Au moins 20 personnes ont été tuées, dont 13 civils, lors d’une attaque attribuée à la milice Mobondo dans la nuit du 22 au 23 novembre dans le village de Nkana, territoire de Kwamouth, à la lisière de la commune de Maluku à Kinshasa. C’est l’une des incursions les plus meurtrières dans la région depuis plusieurs mois.
Selon des sources locales, les assaillants ont envahi le village peu après minuit avant de se replier vers d’autres localités voisines, où leur présence a également été signalée au cours de la journée du 23 novembre. L’attaque a provoqué une vague de panique et des déplacements massifs de la population.
Recrudescence du conflit Teke–Yaka
Active depuis 2022, la milice Mobondo est issue du conflit intercommunautaire opposant les Teke et les Yaka, un différend foncier et coutumier qui s’est progressivement militarisé. Malgré les opérations menées par les forces de sécurité, le groupe reste actif et continue de cibler villages et axes routiers dans le Mai-Ndombe, le Kwango et désormais jusque dans les périphéries de Kinshasa.

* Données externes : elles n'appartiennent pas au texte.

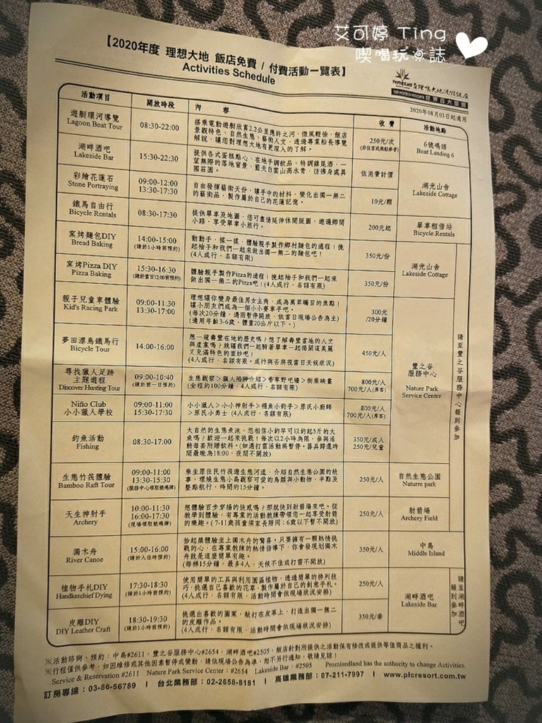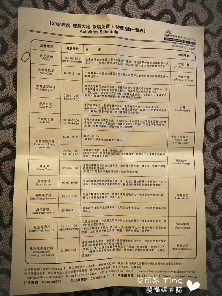 如果待在飯店不打算出去玩,可以參考飯店內免費/付費的活動

Les violences du week-end ont ainsi relancé les inquiétudes sur la capacité de l’État à sécuriser les zones situées près de la capitale, où les habitants vivent dans la crainte d’une extension du conflit.
Fuite des populations
Face à l’insécurité persistante, plusieurs familles ont quitté Nkana et les villages environnants. Une partie d’entre elles a traversé le fleuve Congo pour se réfugier en République du Congo (Congo-Brazzaville), une pratique déjà observée lors des précédentes vagues de violences.
Les autorités provinciales et nationales n’ont pas encore communiqué de bilan officiel, mais des sources sécuritaires indiquent que des renforts ont été déployés pour tenter de reprendre le contrôle de la zone et rassurer la population.
Un conflit qui perdure malgré les médiations
Malgré plusieurs tentatives de médiation et d’appels au calme lancés depuis deux ans, le conflit Teke–Yaka reste l’un des plus préoccupants à l’Ouest du pays. Les organisations locales de défense des droits humains appellent à un renforcement des efforts gouvernementaux pour désarmer les groupes impliqués et protéger les civils.